===== Provided entries =====

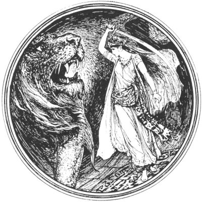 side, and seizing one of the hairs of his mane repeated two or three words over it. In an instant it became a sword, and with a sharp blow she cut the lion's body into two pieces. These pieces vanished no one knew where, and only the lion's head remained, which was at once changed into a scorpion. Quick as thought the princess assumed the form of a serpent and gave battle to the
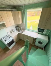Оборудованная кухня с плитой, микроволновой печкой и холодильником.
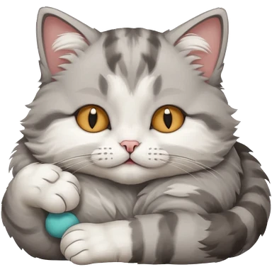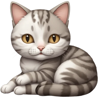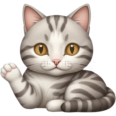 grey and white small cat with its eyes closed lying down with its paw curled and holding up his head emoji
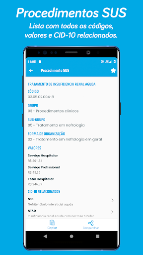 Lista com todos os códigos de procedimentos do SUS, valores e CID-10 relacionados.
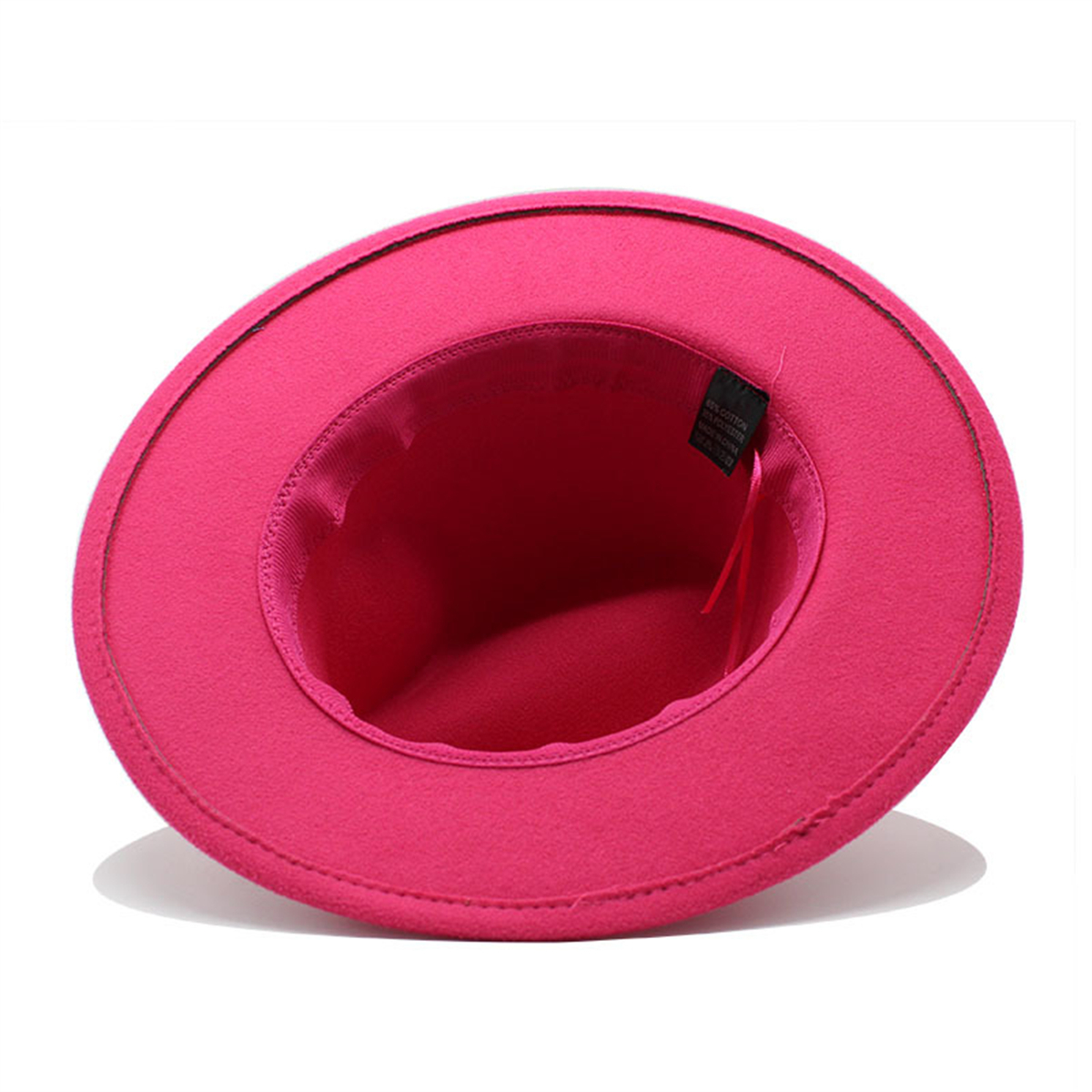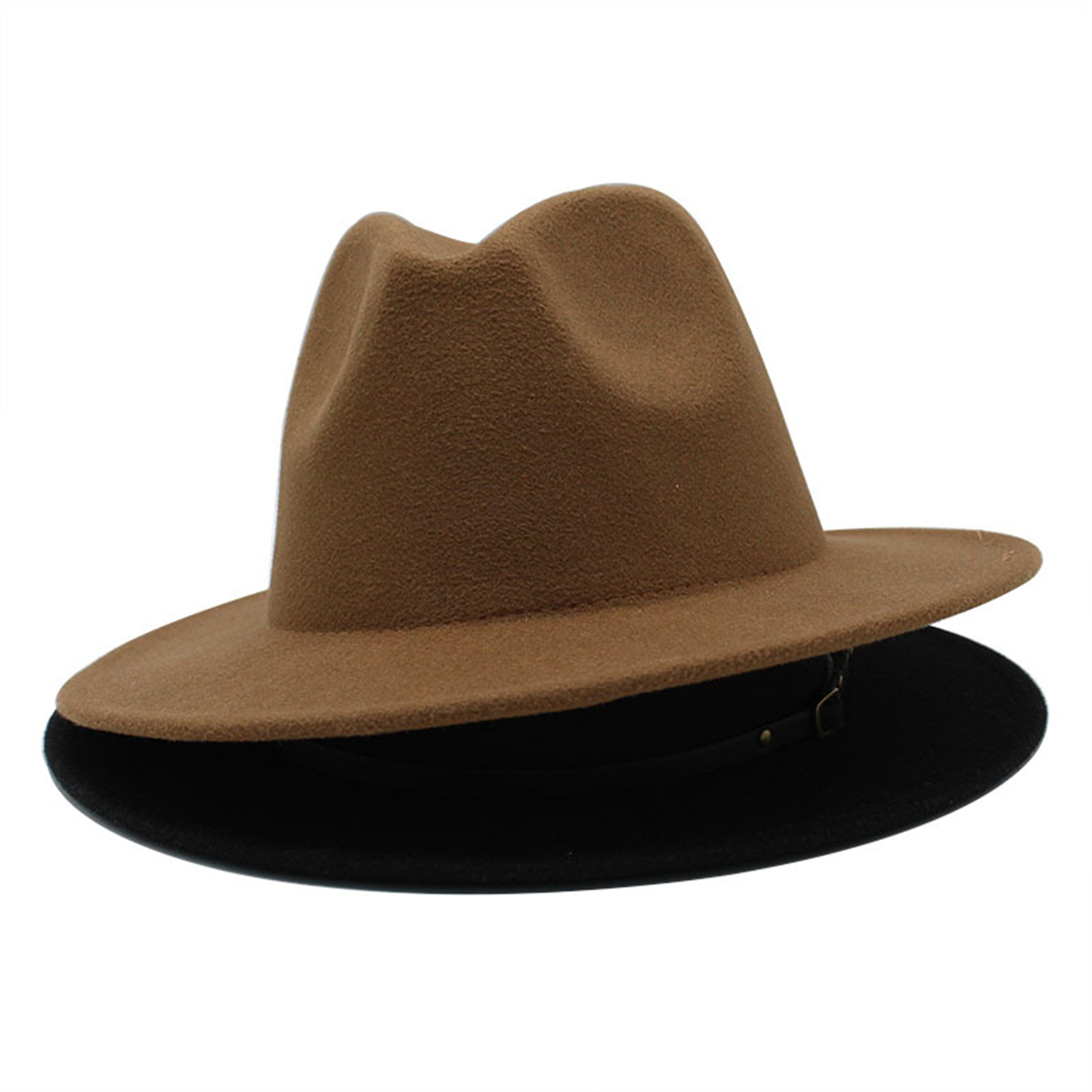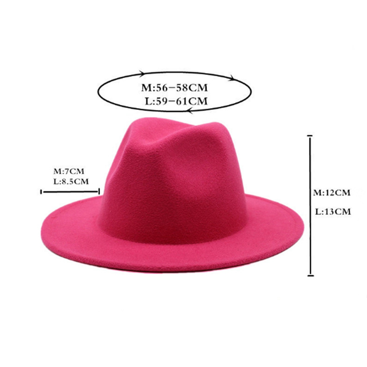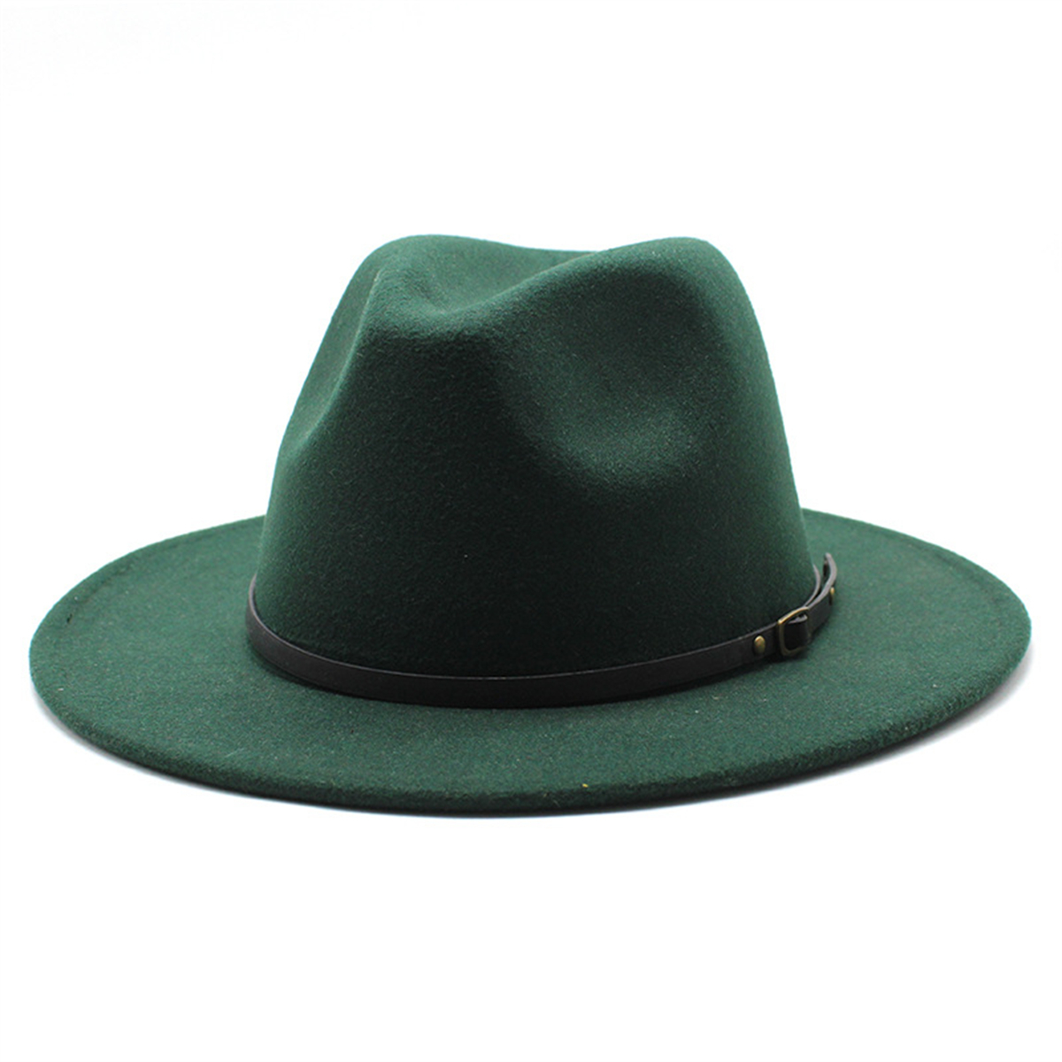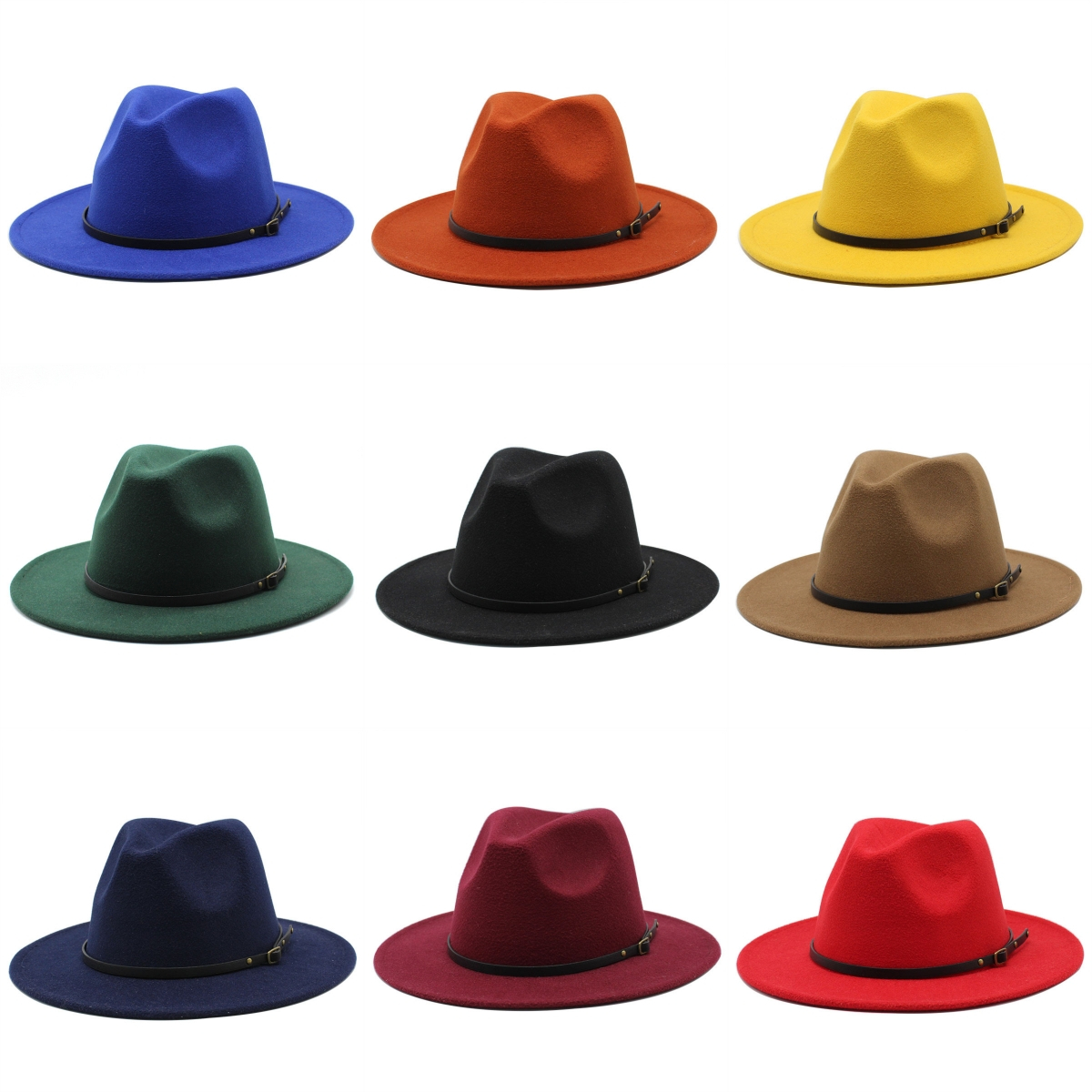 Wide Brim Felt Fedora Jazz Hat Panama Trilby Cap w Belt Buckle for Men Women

=====

Type the entries above out again exactly, with no pictures.

 side, and seizing one of the hairs of his mane repeated two or three words over it. In an instant it became a sword, and with a sharp blow she cut the lion's body into two pieces. These pieces vanished no one knew where, and only the lion's head remained, which was at once changed into a scorpion. Quick as thought the princess assumed the form of a serpent and gave battle to the
Оборудованная кухня с плитой, микроволновой печкой и холодильником.
 grey and white small cat with its eyes closed lying down with its paw curled and holding up his head emoji
 Lista com todos os códigos de procedimentos do SUS, valores e CID-10 relacionados.
 Wide Brim Felt Fedora Jazz Hat Panama Trilby Cap w Belt Buckle for Men Women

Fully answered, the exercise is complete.